Abstract
Divalproex sodium is an antiepileptic drug. Hepatotoxicity is one of the most common side effects induced by divalproex sodium. Impaired fatty acid metabolism is considered to play an important role in the drug-induced hepatotoxicity. The sterol regulatory element-binding protein 1c (SREBP-1c) and peroxisome proliferator-activated receptor α (PPARα) are two key transcription factors involved, respectively, in fatty acid synthesis and degradation in liver. In the present study, we investigated the hepatotoxicity induced by divalproex sodium and its potential mechanism. The results indicated that divalproex sodium significantly decreased the cell viability and increased lactate dehydrogenase leakage in hepatocytes. The activities of alanine aminotransferase and aspartate transaminase were increased in hepatocytes treated with divalproex sodium.
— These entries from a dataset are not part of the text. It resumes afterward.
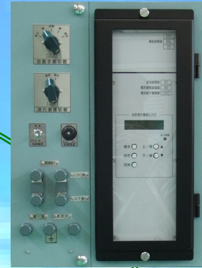
通信機能付 SVC 制御装置
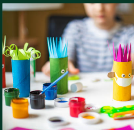
LOISIRS CRÉATIFS (Page 13)
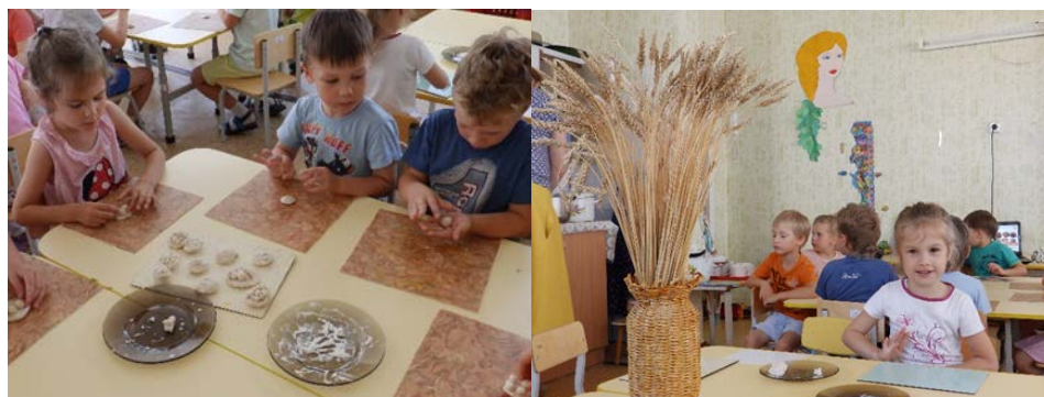
Рис. 7. «Хлебный Спас»

3. «Хлебный Спас» – детей познакомили с одним из народно-православных праздников «Хлебным Спасом» и его традициями. Затем дети из соленого теста стряпали хлеб (рис. 7).
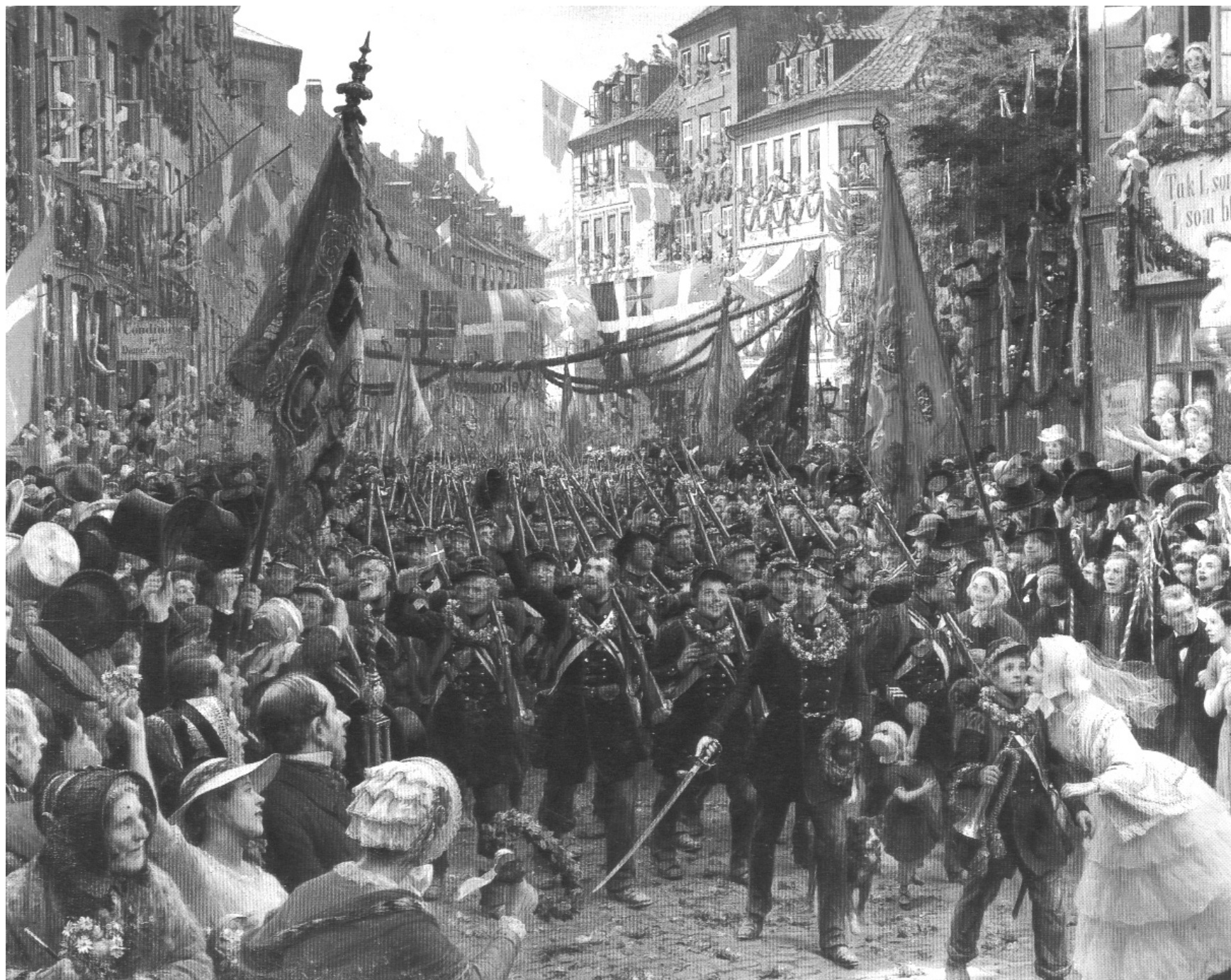
Maleriet i stuen på Svanevang - „Danske soldaters hjemkomst i 1849“
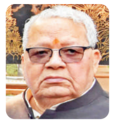
कलराज मिश्र राज्यपाल, राजस्थान
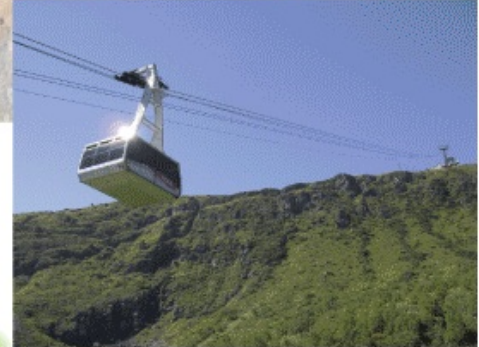
那須本 ロープウェイからの雄大な景色

山頂駅（9合目）までロープウェイで関東を代表する活火山に登って望む景色は、織り成す緑と青い空。漣がよければ雲の上です。山頂までも歩いて50分程なので軽いトレッキングにもおすすめです。
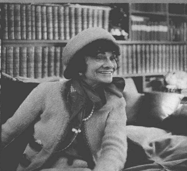
1964年,巴黎rue Cambon 31号的公寓
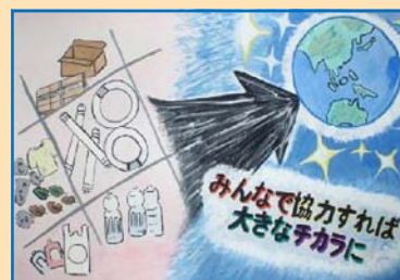
▲ 2年 〇〇 〇〇さん 佳作
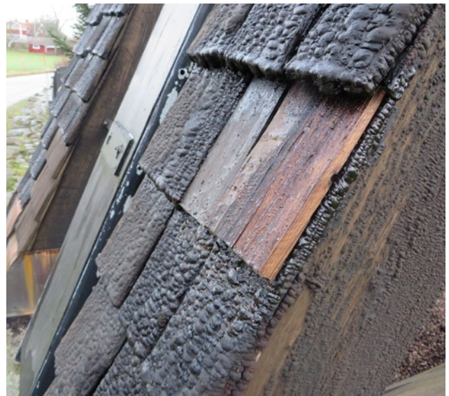
Detalj, bytta spån, efter åtgärd.
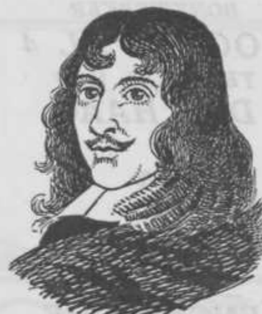
François VII, duc de La Rochefoucauld, (1613-1680) man van de wereld, denker en schrijver. Vooral bekend door zijn „Maximes“

Furthermore, divalproex sodium activated SREBP-1c and increased the mRNA expressions of acetyl-CoA carboxylase 1, fatty acid synthase and stearoyl-CoA desaturase 1. Divalproex sodium also inhibited PPARα and decreased the messenger RNA expressions of 3-hydroxy-3-methylglutaryl-CoA synthase 2 and carnitine palmitoyltransferase 1A. These results suggest that the hepatotoxicity induced by divalproex sodium may be related with fatty acid synthesis and degradation mediated by SREBP-1c and PPARα in hepatocytes.
Introduction
Divalproex sodium is an antiepileptic drug. It is also used to treat mania and to help prevent migraine headaches. 1 Since its introduction in the market, divalproex sodium showed some side effects that have been reported in the clinic. 2,3 Hepatotoxicity is one of the most serious side effects induced by divalproex sodium, especially in children younger than 2 years old. 4 However, the mechanism of hepatotoxicity induced by divalproex sodium is not clear. So the present study focused on divalproex sodium–induced hepatotoxicity and its potential mechanism.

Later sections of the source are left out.